Work instruction
What should come back is the data below, word for word, minus any picture.
═══
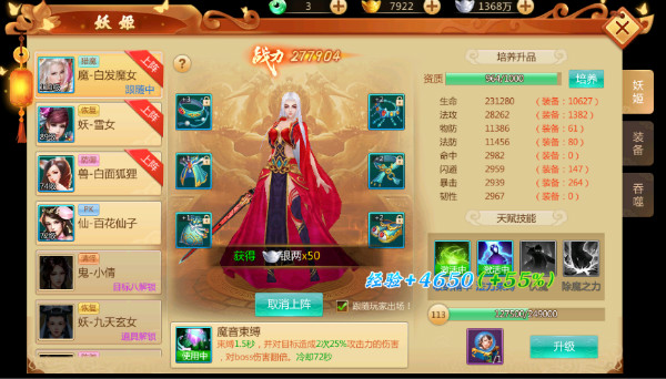 通过妖姬的收集和培养,可以轻松的获得强大的战力。
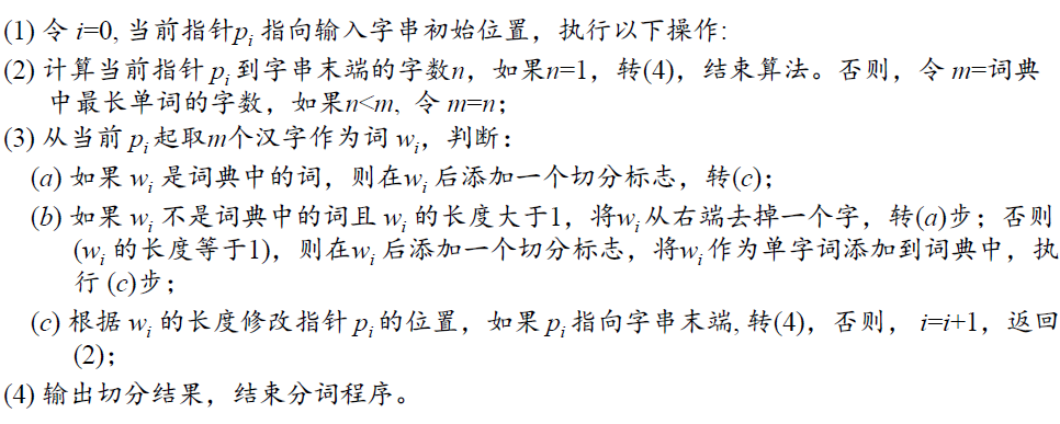 - 逆向最大匹配算法 (Backward MM,BMM)
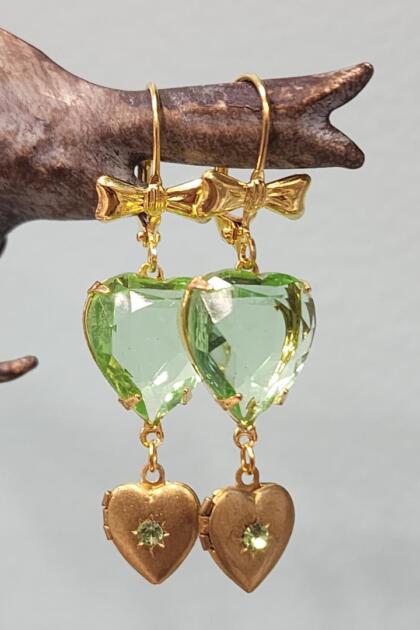 Green Crystal Heart and Tiny Brass Locket Earrings
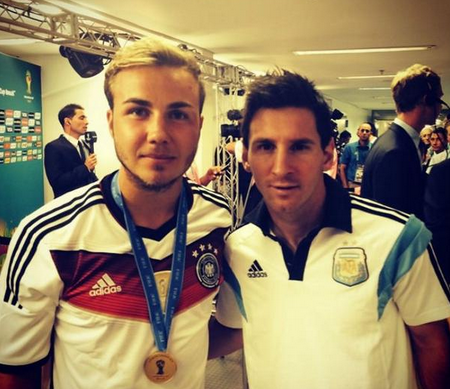 Mario Götze anotó el tanto decisivo para que Alemania se proclamara campeona del mundo derrotando por 1-0 a Argentina. A pesar de haber convertido con su gol a su país en campeón del Mundial, el futbolista del Bayern de Múnich no olvidó al concluir el partido pedirle a uno de sus ídolos, Leo Messi, hacerse una foto con él.
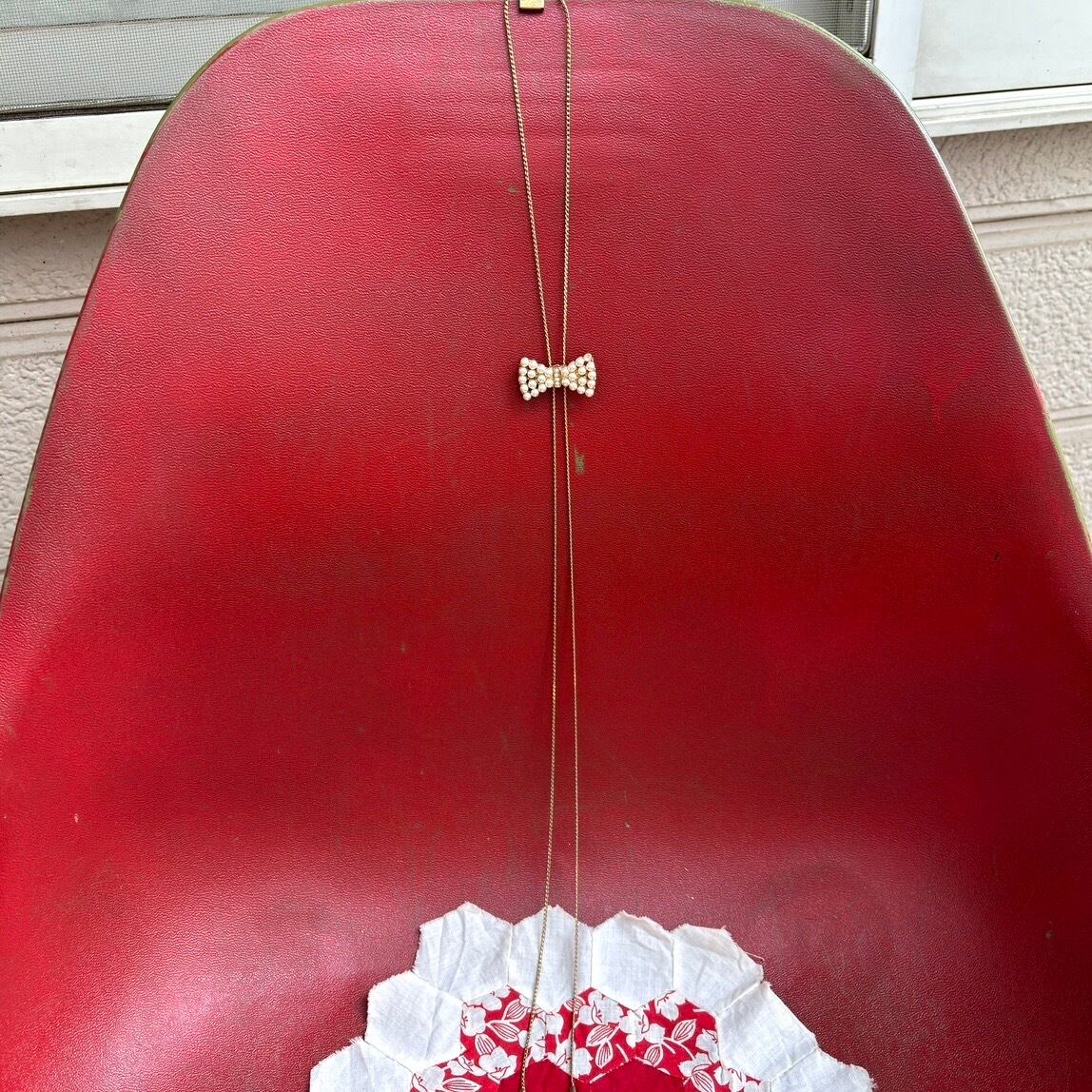 ヴィンテージ パールビーズリボン ループタイ ネックレスです。
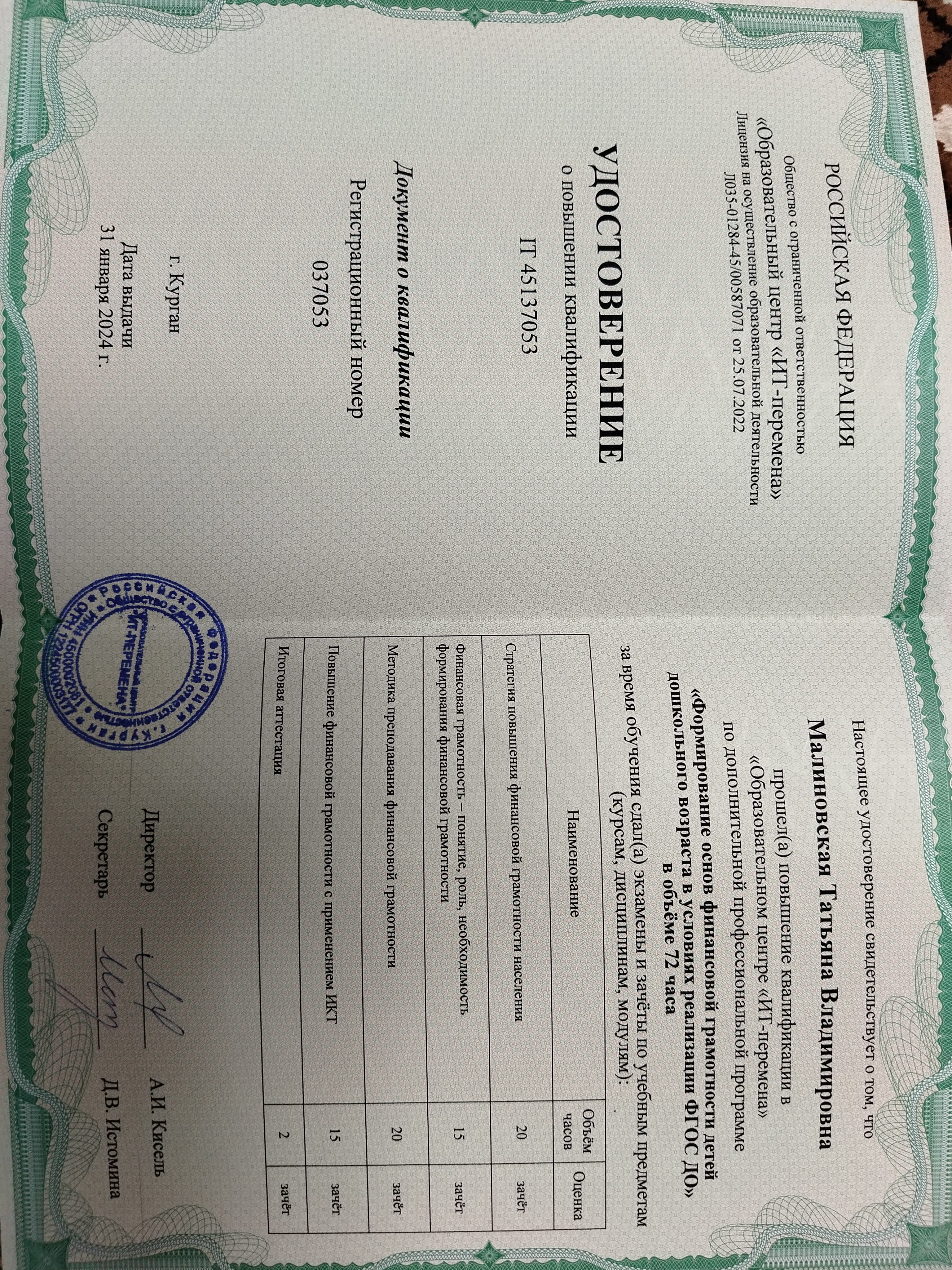 Обучение по курсу: Формирование основ финансовой грамотности детей дошкольного возраста в условиях реализации ФГОС ДО. Документ о повышении квалификации: скачать
═══
Expected answer
 通过妖姬的收集和培养,可以轻松的获得强大的战力。
 - 逆向最大匹配算法 (Backward MM,BMM)
 Green Crystal Heart and Tiny Brass Locket Earrings
 Mario Götze anotó el tanto decisivo para que Alemania se proclamara campeona del mundo derrotando por 1-0 a Argentina. A pesar de haber convertido con su gol a su país en campeón del Mundial, el futbolista del Bayern de Múnich no olvidó al concluir el partido pedirle a uno de sus ídolos, Leo Messi, hacerse una foto con él.
 ヴィンテージ パールビーズリボン ループタイ ネックレスです。
 Обучение по курсу: Формирование основ финансовой грамотности детей дошкольного возраста в условиях реализации ФГОС ДО. Документ о повышении квалификации: скачать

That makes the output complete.